Exercise brief
Set the listing down unchanged, minus every embedded image.

Input data

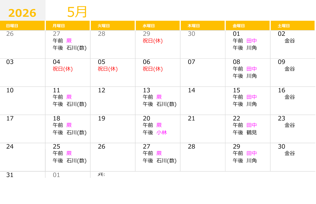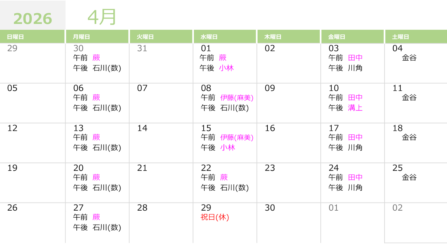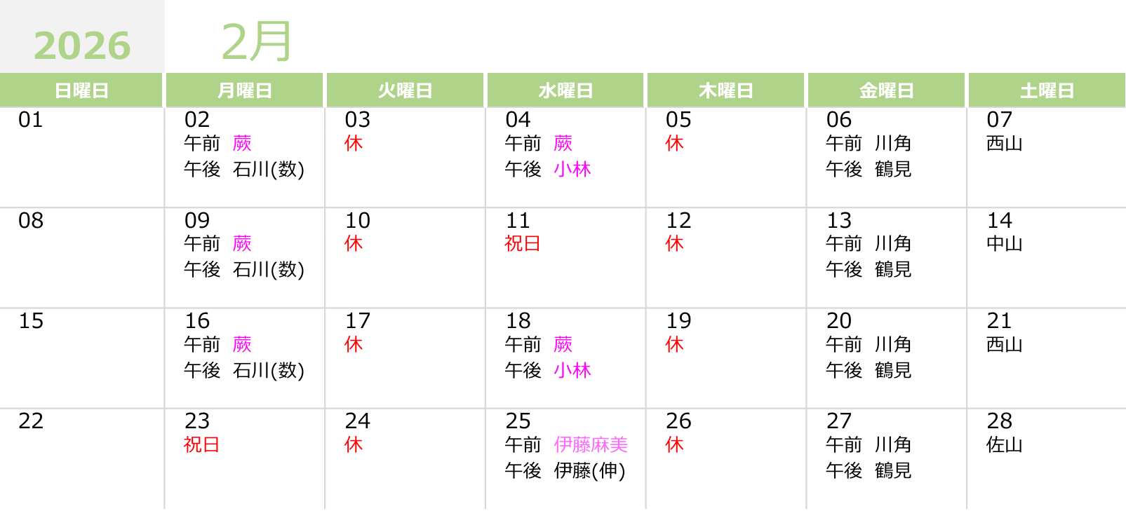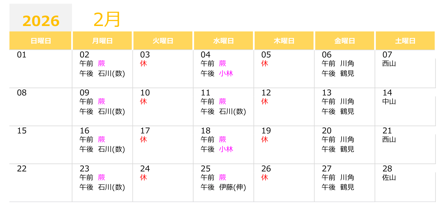 注:担当医師は急遽変更となる場合がございますので、あらかじめご了承ください。
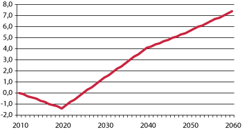 MSG-beregningene tar, som generasjonsregnskapet, utgangspunkt i en videreføring av dagens velferdsordninger. Disse beregningene gir en tidsbane for utviklingen, og kan således antyde når eventuelle problemer oppstår. Inndekningsbehovet for offentlige finanser måles ved den endringen i skatte- og avgiftsnivået som er nødvendig for å møte den anslåtte utgiftsutviklingen innenfor den rammen for bruk av oljeinntekter som handlingsregelen setter. Målt i forhold til anslåtte skatter og avgifter som andel av BNP for Fastlands-Norge i 2010, tilsvarer det anslåtte inndekningsbehovet i 2060 om lag 7¼ pst. av BNP for Fastlands-Norge, jf. figur 12.1. Framskrivingene indikerer at det innenfor de rammene handlingsregelen setter for bruk av oljeinntekter isolert sett vil være rom for å senke skattenivået eller bedre velferdsordningene fram mot 2020 tilsvarende i størrelsesorden 1¼ pst. av verdiskapingen i fastlandsøkonomien. Fra 2020 vil imidlertid statens utgifter vokse raskere enn inntektene. En videreføring av etablerte ordninger krever da at det enten gjennomføres tiltak som demper utgiftsveksten eller tiltak som øker inntektene. Dersom handlingsrommet fram mot 2020 utnyttes, må inntektene deretter økes (eller utgiftene reduseres) tilsvarende om lag 8¾ pst. av BNP for Fastlands-Norge videre fram mot 2060.
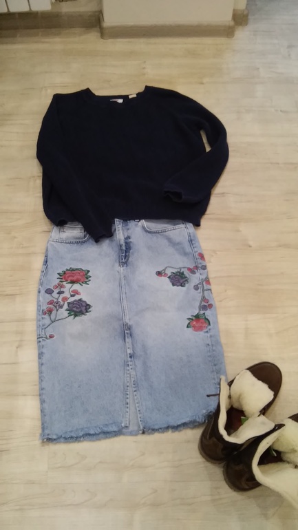 Свитерок Levis (на самом деле он темно синий), юбка Mango
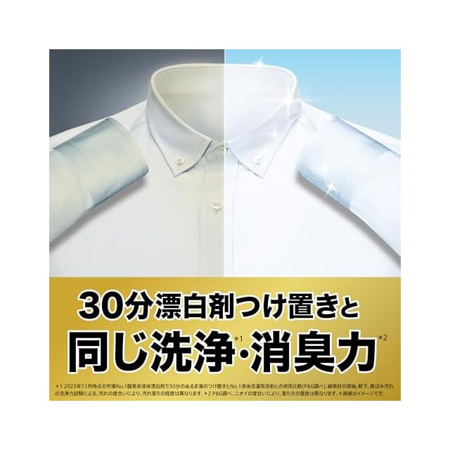 30分漂白剤つけ置きと同じ洗浄・消臭力*(*2023年11月時点の市場No.1酸素系液体漂白剤で30分のぬるま湯のつけ置きとNo.1液体洗濯用洗剤との併用比較(P&G調べ)。綿素材の襟袖、靴下、黄ばみ汚れの洗浄力試験による。汚れの度合いにより、汚れ落ちの程度は異なります。

Result of this task
 注:担当医師は急遽変更となる場合がございますので、あらかじめご了承ください。
 MSG-beregningene tar, som generasjonsregnskapet, utgangspunkt i en videreføring av dagens velferdsordninger. Disse beregningene gir en tidsbane for utviklingen, og kan således antyde når eventuelle problemer oppstår. Inndekningsbehovet for offentlige finanser måles ved den endringen i skatte- og avgiftsnivået som er nødvendig for å møte den anslåtte utgiftsutviklingen innenfor den rammen for bruk av oljeinntekter som handlingsregelen setter. Målt i forhold til anslåtte skatter og avgifter som andel av BNP for Fastlands-Norge i 2010, tilsvarer det anslåtte inndekningsbehovet i 2060 om lag 7¼ pst. av BNP for Fastlands-Norge, jf. figur 12.1. Framskrivingene indikerer at det innenfor de rammene handlingsregelen setter for bruk av oljeinntekter isolert sett vil være rom for å senke skattenivået eller bedre velferdsordningene fram mot 2020 tilsvarende i størrelsesorden 1¼ pst. av verdiskapingen i fastlandsøkonomien. Fra 2020 vil imidlertid statens utgifter vokse raskere enn inntektene. En videreføring av etablerte ordninger krever da at det enten gjennomføres tiltak som demper utgiftsveksten eller tiltak som øker inntektene. Dersom handlingsrommet fram mot 2020 utnyttes, må inntektene deretter økes (eller utgiftene reduseres) tilsvarende om lag 8¾ pst. av BNP for Fastlands-Norge videre fram mot 2060.
 Свитерок Levis (на самом деле он темно синий), юбка Mango
 30分漂白剤つけ置きと同じ洗浄・消臭力*(*2023年11月時点の市場No.1酸素系液体漂白剤で30分のぬるま湯のつけ置きとNo.1液体洗濯用洗剤との併用比較(P&G調べ)。綿素材の襟袖、靴下、黄ばみ汚れの洗浄力試験による。汚れの度合いにより、汚れ落ちの程度は異なります。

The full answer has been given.